CoCosNet has two main sub-network: 1) cross-domain correspondence network, which transforms the inputs from different domains to an intermediate domain. 2) translation network, which progressively synthesizes the output based on the warped exemplar. Take mask to image synthesis as an example. They first align the input semantic image and the input reference style image(exemplar) through the encoder, and use the feature to calculate the similarity between each pixel of the two. After obtain the warped exemplar image according to the similarity, it uses the methods of positional normalization and spatially-variant denormalizaiton (similar to AdaIN) to inject the style into the image during the process of generating the final image from fixed noise z.
They apply domain alignment loss and correspondence regularization to guarantee the inputs are aligned to the same domain and the network could learn meaningful correspondence. They also use 1) perceptual loss to minimize the semantic discrepancy, 2) context loss to maintain the same style information (color or texture), 3) feature matching loss to penalize the difference between the translation output and the ground truth for pseudo exemplar pairs, 4) adversarial loss to discriminate the translation output with the real sample of exemplar domain.
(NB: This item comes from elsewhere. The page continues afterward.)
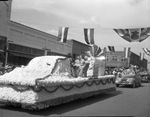 National Tomato Show and Festival at Jacksonville. Miss Carthage, seen sitting on a float, in front of a line of cars.
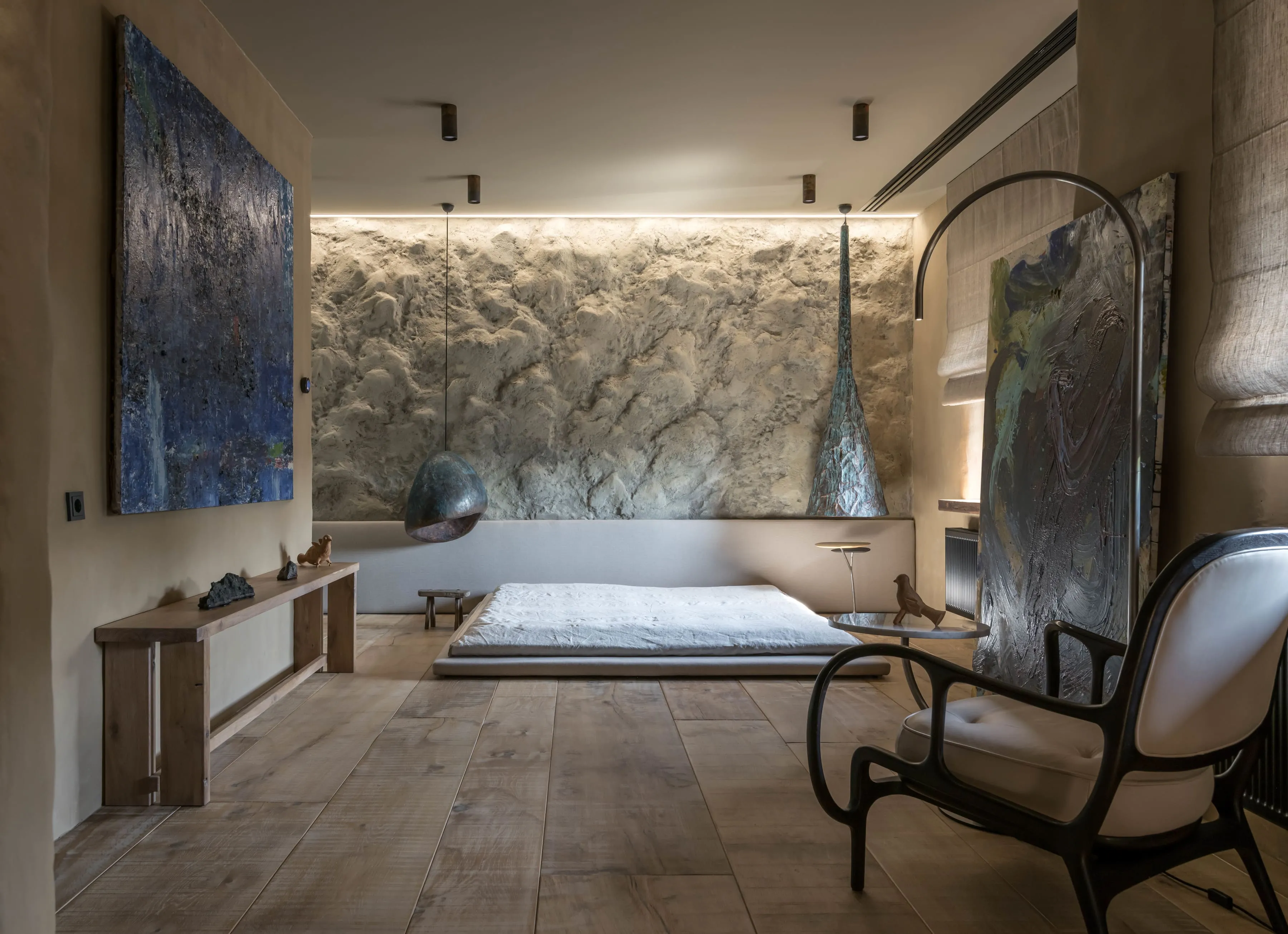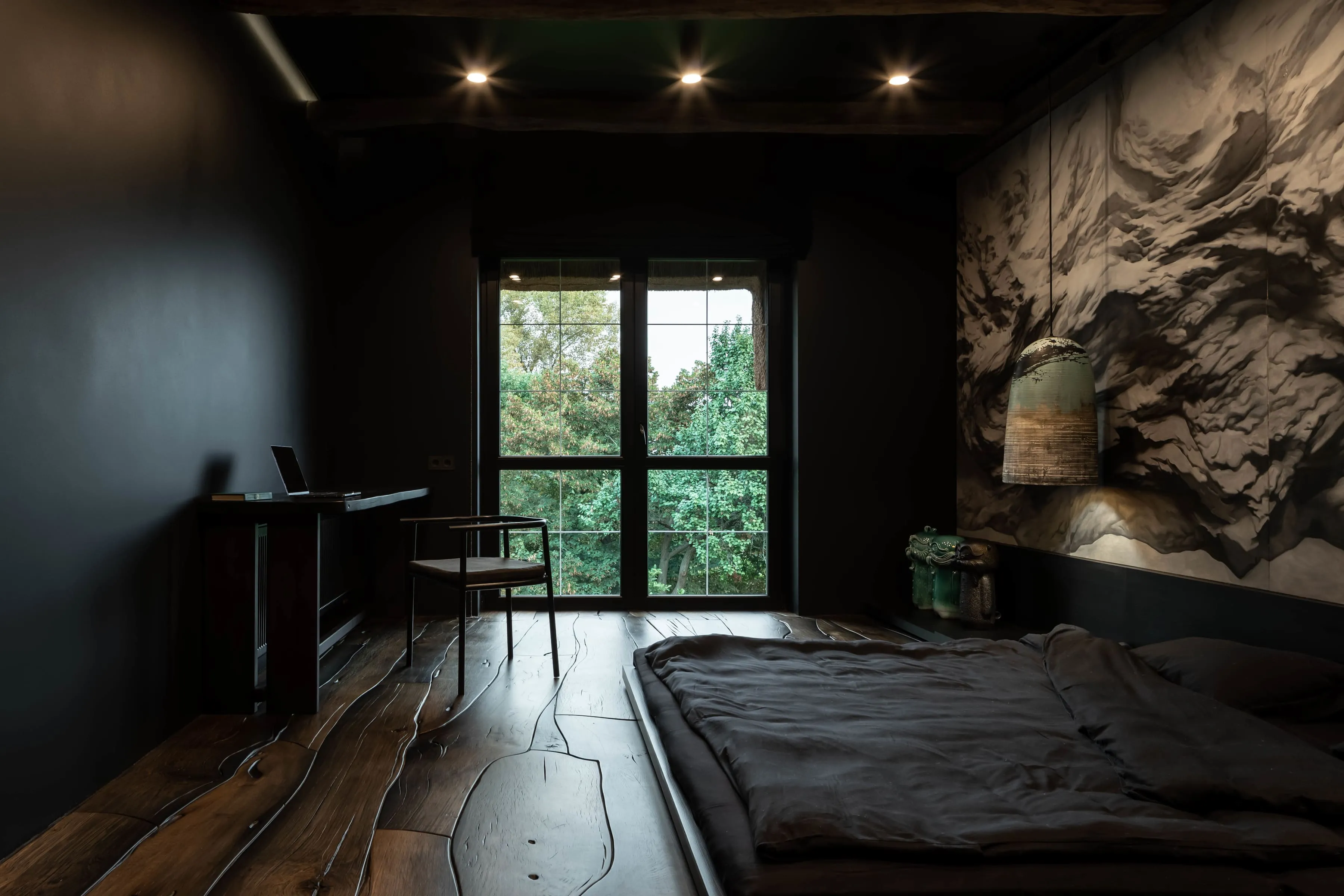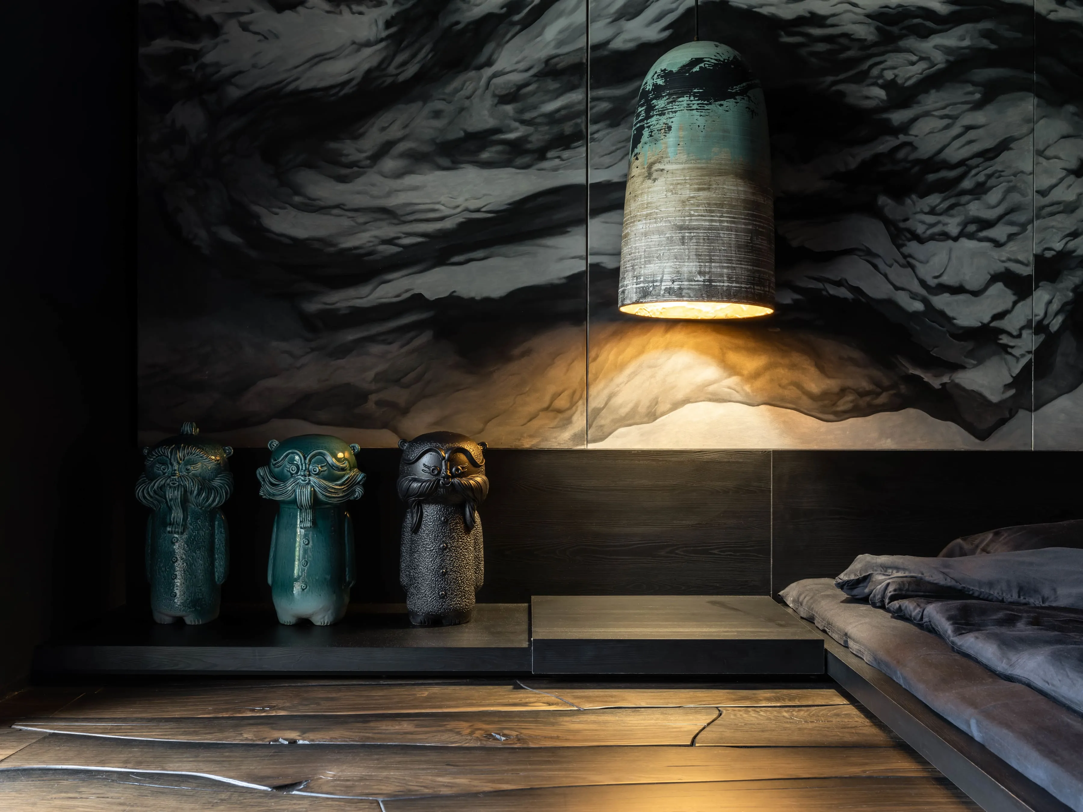 В узголів’ї ліжка-татамі — традиційний для філософії вабі-сабі монохромний живопис в стилі Сумі-е — відсторонені, далекі пейзажі, ніяких золотих рам.

In their experiment, they select three datasets, ADE20K corresponds to mask-to-image subtask, CelebA-HQ corresponds to edge-to-image subtask and Deepfashion corresponds to keypoints-to-image subtask. They conduct quantitative and qualitative comparisons. For quantitative comparison, they compare in three aspects. 1) image quality: they use two metrics to measure, FID for measuring the distribution distance and SWD for measuring the statistical distance of low-level patch distribution. 2) semantic consistency: they use relu3_2, relu4_2 and relu5_2 of VGG19 to measure this. 3) color and texture distance: they use relu1_2 and relu2_2 to measure this between the semantically corresponding patches.
They also present two interesting applications of their work. One is image editing. By manipulating the segmentation layout, it’s feasible to output a translation with the same content manipulation. The other is the makeup transfer.
Pros:
- It’s a general framework for exemplar-based image translation. The development of image translation follows a clear vein, from paired supervision to unsupervised translation, and to multi-model translation. Since then, image translation has been further expanded toward higher resolution, higher quality, video, small sample adaptation, etc. But there are two main problems. 1) The style of the generated image is unpredictable, and the user cannot specify the style of the specific instance; 2) the outputs of existing methods often have obvious artifacts. And their method effectively solves these two problems.
- They module the input image and the exemplar image as in two distinct domains. And translating images from distinct domains is a general expression, which could generalize to many different kinds of inputs.
- Their quantitative experiments are comprehensive and the three aspects they consider are very related to their task.
Cons:
As the translation is based on the warped exemplar, it’s essential that their exemplar has the same semantic labels as the mask for mask-to-image task, which limits the applications.
In their ablation study, feature loss shows little improvements. And it seems that L_feat is only applied on pseudo exemplar pairs. So I wonder if it’s necessary to include this loss.